I would like to know if the following property (known as the Monotropic Property) still hold or can be extended to the general case of a convex function $f$ : $\mathbb{R}^n$ $\to$ $\mathbb{R}$ ?
$\textbf{Monotropic Property}$
Let $f$ : $\mathbb{R}$ $\to$ $\mathbb{R}$ be a convex function.

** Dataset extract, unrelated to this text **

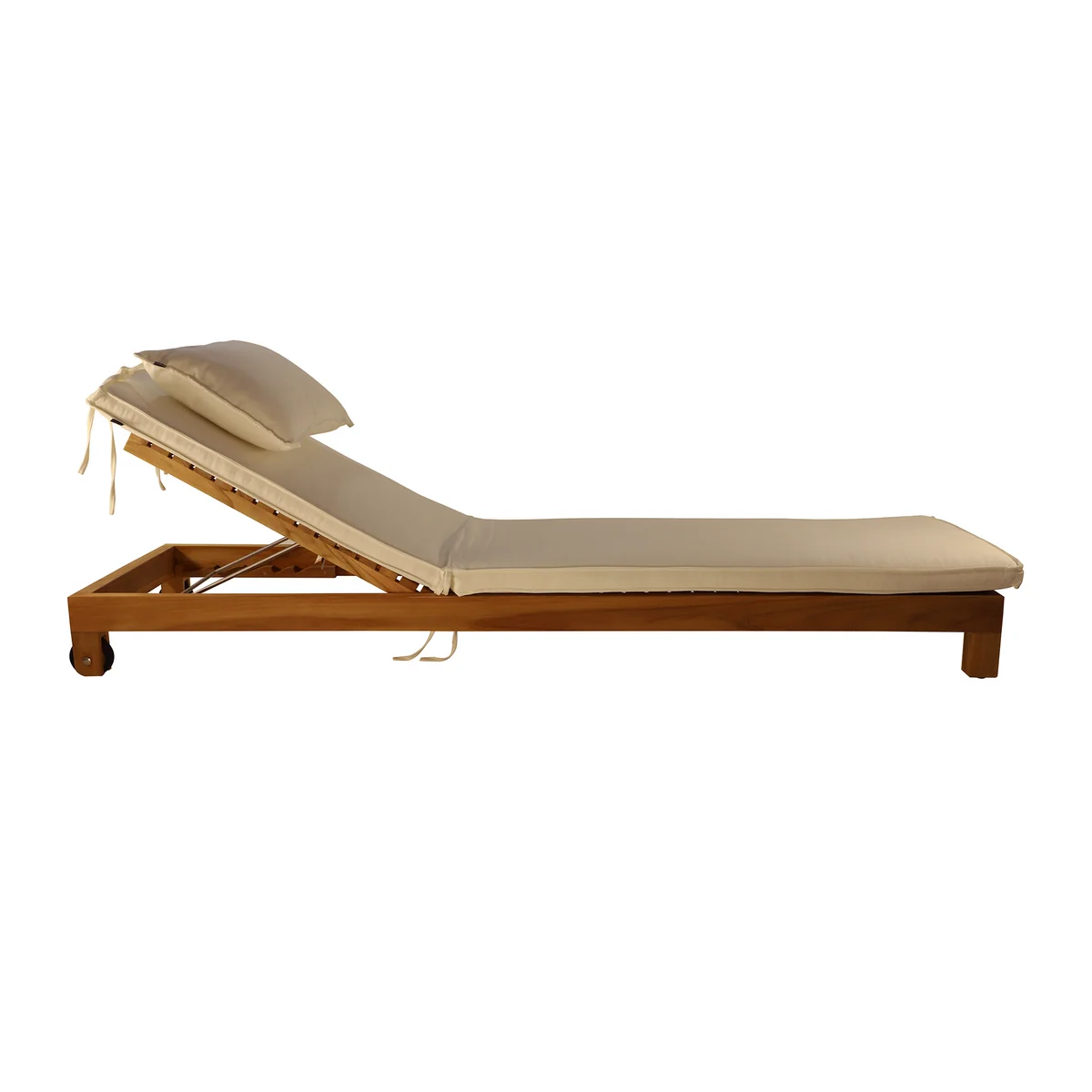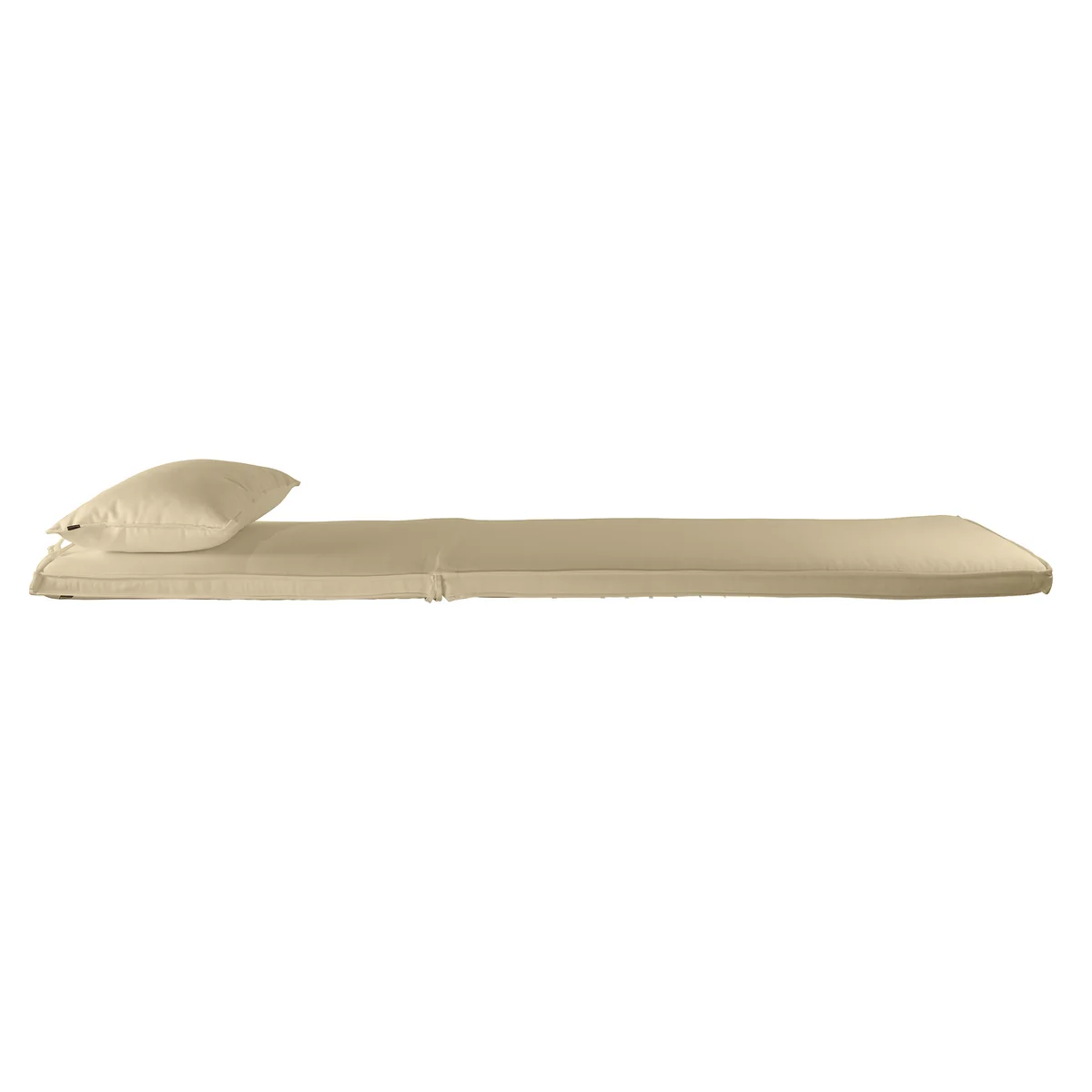 Le coussin et l'oreiller donnent à la Korfu La chaise longue de Jan Kurtz offre un haut degré de confort supplémentaire. Après tout, le coussin a une épaisseur de 5 cm. Pour maintenir le coussin au bon endroit, il peut être fixé à la tête de lit de la chaise longue.

If $x_1$, $x_2$, $x_3$ are three scalars such that $x_1$ $\lt$ $x_2$ $\lt$ $x_3$, then $\frac{ f(x_2)−f(x_1)}{x_2−x_1} \le \frac{f(x_3)−f(x_2)}{x_3 −x_2}$
In $\mathbb{R}^n$ the points $x_1,x_2,x_3$ would be vectors, and we can't divide by a vector. But the following reformulation still makes sense:
If $x_2$ is between $x_1$ and $x_3$, then $$\frac{ f(x_2)−f(x_1)}{|x_2−x_1|} \le \frac{f(x_3)−f(x_2)}{|x_3 −x_2|}\tag1$$
where $|\cdot|$ is the Euclidean norm.
The proof is by reduction to one-dimensional cases. Let $g(t) = f(x_1+t(x_3-x_1))$. Then $g$ is convex on $\mathbb{R}$. Let $s = |x_2-x_1|/|x_3-x_1|$. This is a number between $0$ and $1$, so
$$\frac{ g(s)−g(0)}{s} \le \frac{g(1)−g(s)}{1-s}$$
Rewrite this back in terms of $f$ to get (1).